So this just happened. BigQuery integration with Sheets!. This is great; now you can use a spreadsheet as a federated datasource for BigQuery, and therefore query (and join with other massive datasets) your spreadsheet data in real time.
It’s good, but it’s not quite all that yet, so here’s a few things I found out that might save you some time as you start to enjoy this awesomeness. I assume that it’s not fully released yet, and these things will be sorted out soon.
It’s a CSV
Actually, the Google Sheets doesn’t exist as an option, so the only selection that works is CSV.
The url
The ? in the BigQuery UI says the format is
You can do that, but it’s probably more convenient to use the url from the sheets editor.

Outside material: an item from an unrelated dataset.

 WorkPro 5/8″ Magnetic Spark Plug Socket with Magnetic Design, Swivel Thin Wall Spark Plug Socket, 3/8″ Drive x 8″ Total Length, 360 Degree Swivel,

https://docs.google.com/spreadsheets/d/1HLrLO2xnbk_1vezB_kmPvDFv1oX50HcD1P1lQfv7KKY/edit#gid=0
Selecting the sheet
The gid= parameter is used to identify which sheet to use, but this is apparently ignored. The first sheet is used regardless of the gid specified. So this means that only the first sheet in the workbook is able to be BigQuerified.
The schema
You’d think that the sheet would be able to automatically figure out its own schema and data type, using the heading row of the sheet, but it doesn’t. You have to specify the schema manually – entering each field. It’s a good idea to go into ‘edit as text’ once you’ve set the schema up and save the definition somewhere – which will look something like this, since you can’t seem to be able to edit the setting (or even get to this option) once the table has been created.
ipnumber:STRING,name:STRING
Skipping the header row
Since this is being treated as a CSV, the header row is nothing special – and you need to tell it to skip it – since you’ve set up the schema manually anyway, otherwise the header row will end up as part of your data.

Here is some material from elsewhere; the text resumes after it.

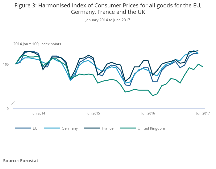 Figure 3 shows the aggregate goods component of the Harmonised Index of Consumer Prices (HICP) for the UK, Germany, France and the whole EU, indexed to January 2014. The HICP is equivalent to the Consumer Prices Index (CPI) in the UK and allows for international comparisons to be made on a consistent basis.
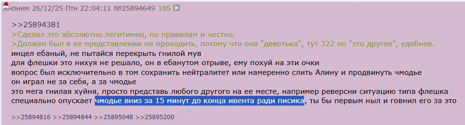 Зашел в тред Алины Рин почитать что пишут местные, а они правда не понимают что за такой мув флешка бы стал героем треда и получил статус главного протыкателя чмодья

Changing the sheet structure
If you ,say, add a column, after creating the schema
that’s to say my schema says this
but I’ve since added a new column in my sheet
This query
SELECT * FROM [airports.bb]
returns the data based on the original schema
which means that the schema is position based and not in any way dynamic. It’s not surprising since the heading row is not used anyway, but it’s certainly something to look out for.
Summary
All this means that what we are able to do today doesn’t seem to exactly match the expectations raised by the released blogpost – Hopefully when we see the version with the Google Sheets input option – all this will be taken care of.